BYD’s factory is located in the city of Camaçari, in the Salvador, Bahia metropolitan area, where one of Ford’s primary manufacturing sites was located before it left Brazil in 2021. Its departure was seen as the end of an era, because Ford was the first large automobile company to locate in the South American country.

Inspectors from the Brazilian Ministry of Labor showed up on December 23 at the lodgings of the Chinese workers building the plant that will produce 100% electric and hybrid cars, and discovered that their employers had withheld their passports and part of their salaries, the ministry said in an official statement detailing irregularities that were found at the site. They slept in bunk beds without mattresses, where some of them also ate their meals. There were so few bathrooms that they had to get up at 4 a.m. to be on time for their 5:30 a.m. shift. In addition, employees often worked shifts that lasted more than 10 hours, with irregular breaks.

Based on these observations, the inspectors have accused the employers of holding the 163 workers in “conditions analogous to slavery.” In Brazil, which became the last country in the Americas to abolish slavery in 1888, the crime includes forced labor, but also subjecting employees to undignified or degrading conditions. It can lead to imprisonment, heavy fines and public scorn. Every year, authorities publish a so-called “dirty list” of the companies that have been convicted for having kept workers in conditions reminiscent of those suffered by the African people who were brought by force to the country during three centuries as a source of free labor. In 2023 alone, authorities removed more than 3,000 workers from such situations.
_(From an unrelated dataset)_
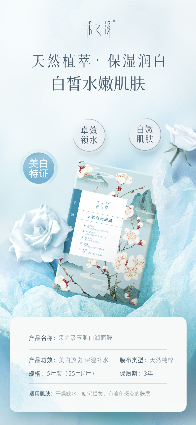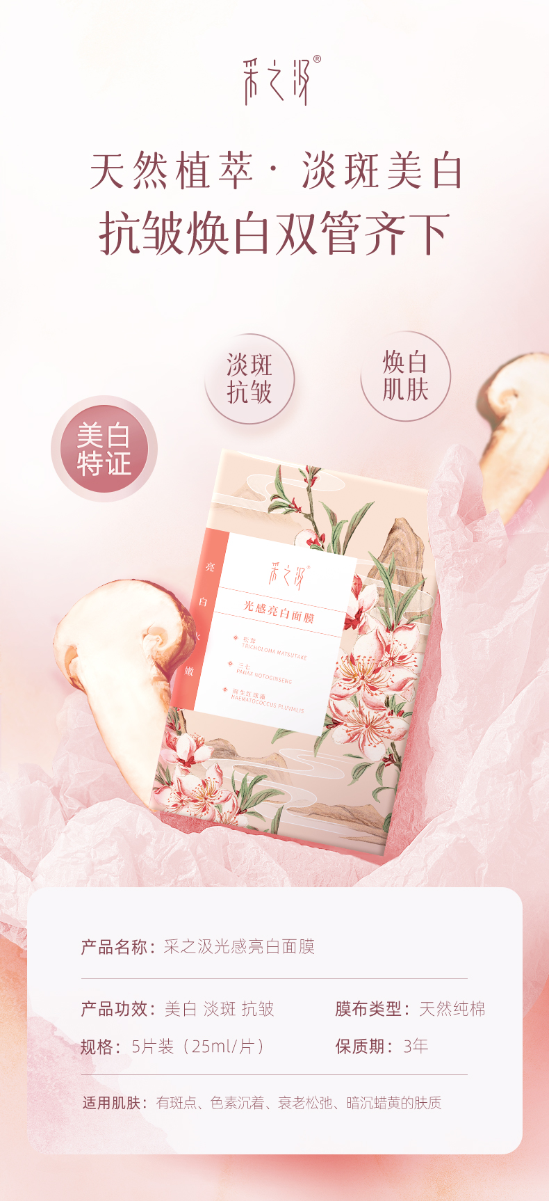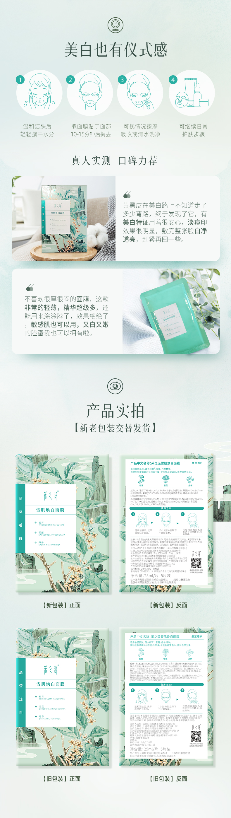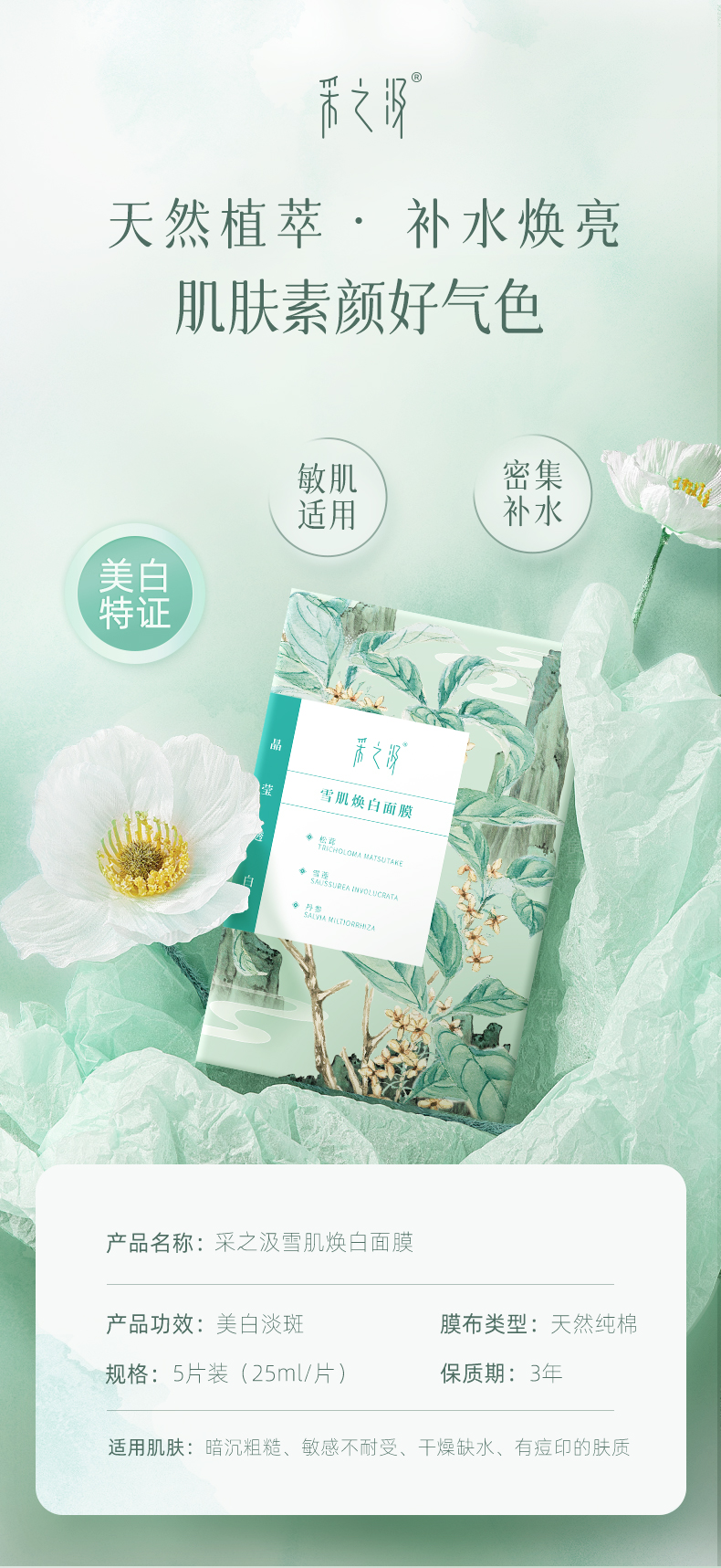 【官方正品】云南白药采之汲雪肌焕白面膜水嫩焕活面膜保湿滋润改善暗沉

The Ministry of Labor has summoned Jinjiang Group and BYD for a January 7 hearing, during which they will be advised of measures they can take to avoid an investigation.

BYD
One of the rooms from which Chinese workers were rescued on December 23 in Salvador, in the Brazilian state of Bahia.Ministerio Público del Trabajo (MPT) (EFE)

Brazil has always prided itself on a foreign policy geared towards partnerships that avoids international friction (although its relations with other countries sometimes go sour). But maintaining a balance in the battle between two global superpowers is becoming increasingly complicated and requires walking a thin line. President Luiz Inácio Lula da Silva received his counterpart Xi in Brasilia in November. In December, days before the labor scandal broke, he received BYD’s CEO for the Americas, Stella Li. For the Brazilian president, the BYD project is doubly beneficial because it strengthens his plan for reindustrialization and reinforces his own environmental credentials.
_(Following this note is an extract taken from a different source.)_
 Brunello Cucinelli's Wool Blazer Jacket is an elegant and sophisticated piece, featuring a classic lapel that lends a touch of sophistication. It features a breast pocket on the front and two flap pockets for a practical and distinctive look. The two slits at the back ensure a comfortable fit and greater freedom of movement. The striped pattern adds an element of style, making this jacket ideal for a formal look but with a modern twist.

Upon receiving the Chinese leader at the presidential palace, Lula announced that the first electric cars manufactured in Brazil will leave the BYD plant in Bahia next March, and will create 10,000 jobs by the end of the year, for a total of 20,000 by 2026. Li said that “it will be the largest and most advanced electric vehicle production plant in the world outside China.” The company plans to manufacture some 150,000 vehicles in Brazil in the first year and to double production in the second year, with an eye on expanding into the Latin American market. As part of its overseas expansion, BYD is building other production plants in Hungary, Mexico, Thailand and Uzbekistan.
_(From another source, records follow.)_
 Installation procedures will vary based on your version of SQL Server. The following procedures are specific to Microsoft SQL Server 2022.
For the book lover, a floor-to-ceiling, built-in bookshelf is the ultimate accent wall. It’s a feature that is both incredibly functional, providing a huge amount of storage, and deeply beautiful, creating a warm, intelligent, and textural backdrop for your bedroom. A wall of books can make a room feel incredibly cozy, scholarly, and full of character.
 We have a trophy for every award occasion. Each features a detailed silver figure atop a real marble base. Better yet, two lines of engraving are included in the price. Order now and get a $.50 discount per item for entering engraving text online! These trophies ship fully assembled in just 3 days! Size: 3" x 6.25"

The Latin American market is enormously important to BYD in its race with Elon Musk’s Tesla for leadership in the global sale of electric vehicles. Another key lies in regional production of the lithium required for the cars’ batteries. The Chinese company, which has expressed interest in Mexico due to the country’s booming demand for pickup trucks, is still in the decision-making process in regards to the location of its new Mexican factory, despite many the many uncertainties surrounding the return of Donald Trump. BYD is also considering building a factory in Peru.